# Lost a kit (shy)



## rabbitfarmer (Jun 24, 2012)

We've lost kits before, but they were always newborns. This is the first older kit we lost. She was 8 wks old. Honestly i had doubts as to whether she would live, so i was surprised she made it this long. She was the runt of the bunch. Her brothers and sisters towered over her. a lot of times I would go to feed them and couldn't find her, because she would be hidden behind a sibling. Which BTW is how she got her name "shy". Because was always hiding behind a sibling or her mom.
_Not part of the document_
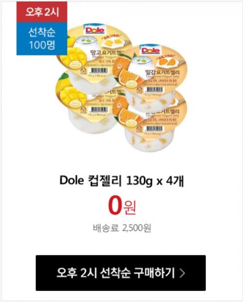 [14시오픈] Dole 컵젤리 130g x 4개 (2,500원/무료) 선착순 100개
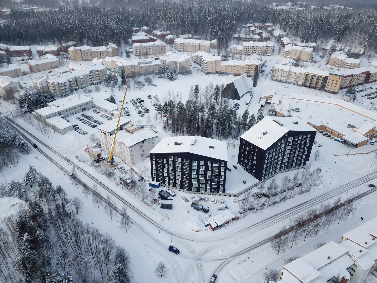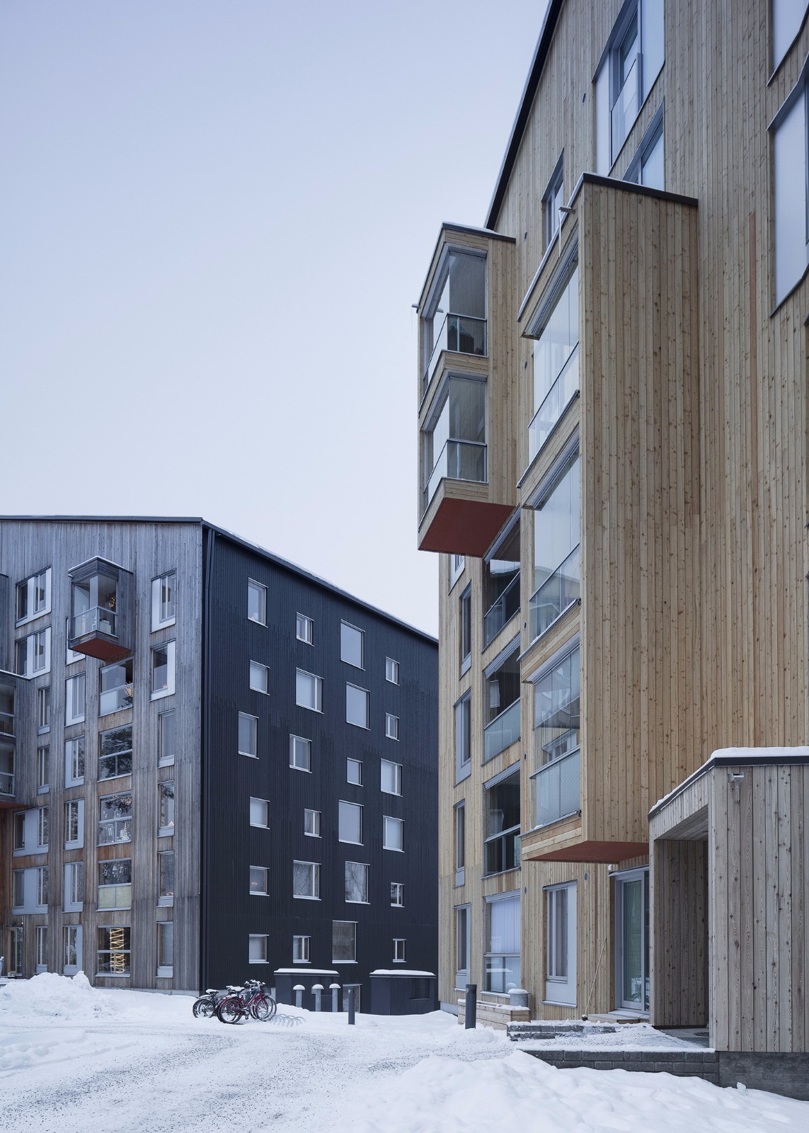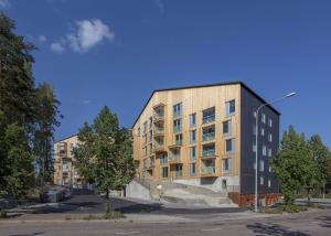 Puukuokka綜合公寓樓總共提供184戶住宅套房,可以滿足各個年齡段住戶的需求,不論是單身還是擁有好幾個小孩的家庭都可以找到合適的套型。Puukuokka一期工程是芬蘭境內(nèi)第一棟八層高的木質(zhì)公寓樓。該項(xiàng)目的二期工程于2017年竣工,三期工程于今年的8月份建成。

She was 1/2 the size of her brothers and sisters. But here is a picture of Shy. My 9 year old is holding her. The towel is because she's afraid the rabbits will poop or pee on her LOL!
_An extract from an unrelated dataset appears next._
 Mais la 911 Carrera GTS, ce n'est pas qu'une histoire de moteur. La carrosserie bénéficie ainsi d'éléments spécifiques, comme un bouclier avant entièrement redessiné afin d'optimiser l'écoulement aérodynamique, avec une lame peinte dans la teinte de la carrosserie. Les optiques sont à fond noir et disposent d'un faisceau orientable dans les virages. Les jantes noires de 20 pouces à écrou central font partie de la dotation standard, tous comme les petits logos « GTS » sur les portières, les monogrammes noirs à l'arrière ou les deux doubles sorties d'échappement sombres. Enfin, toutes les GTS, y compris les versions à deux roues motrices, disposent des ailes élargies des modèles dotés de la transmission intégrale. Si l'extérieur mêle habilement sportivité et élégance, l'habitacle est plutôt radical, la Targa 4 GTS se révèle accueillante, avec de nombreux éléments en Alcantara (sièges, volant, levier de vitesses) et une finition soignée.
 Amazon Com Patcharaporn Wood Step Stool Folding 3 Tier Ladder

BTW besides being smaller than the other rabbits, she really looked nothing like them. Of course being our rabbits are a mixed breed (lion head and rex mix). You never really know what they'll look like. But she seemed to have more of the smoother look to her, plus more of a light brown fur. Whereas her siblings are all gray or white and have more of the lion head look. They look like a bunch of fluff balls 

Christina mom to 4 girls, lots of rabbits, and a dog


----------



## I_heart_Fraggles (Jun 24, 2012)

:hug::rip::rainbow:ink iris:
Sorry for your loss. Binky free sweet girl.


----------



## LakeCondo (Jun 24, 2012)

I'm sorry it happened.


----------



## gmas rabbit (Jun 25, 2012)

so so sorry for your loss, it is so hard to loss them once you get attached. Binky free little one.


----------



## rabbitfarmer (Jun 25, 2012)

yes she'll be missed. She was a sweet little thing and would let anyone hold her.


----------



## Nancy McClelland (Jun 25, 2012)

We're so sorry you lost Shy, she was a pretty little girl. Rest in peace little one.


----------



## Tuckerbunnies (Jun 25, 2012)

So sorry for your loss
She was a beautiful

Binky free at the Bridge little one xxx


----------



## katherine at sacred stories (Jul 5, 2012)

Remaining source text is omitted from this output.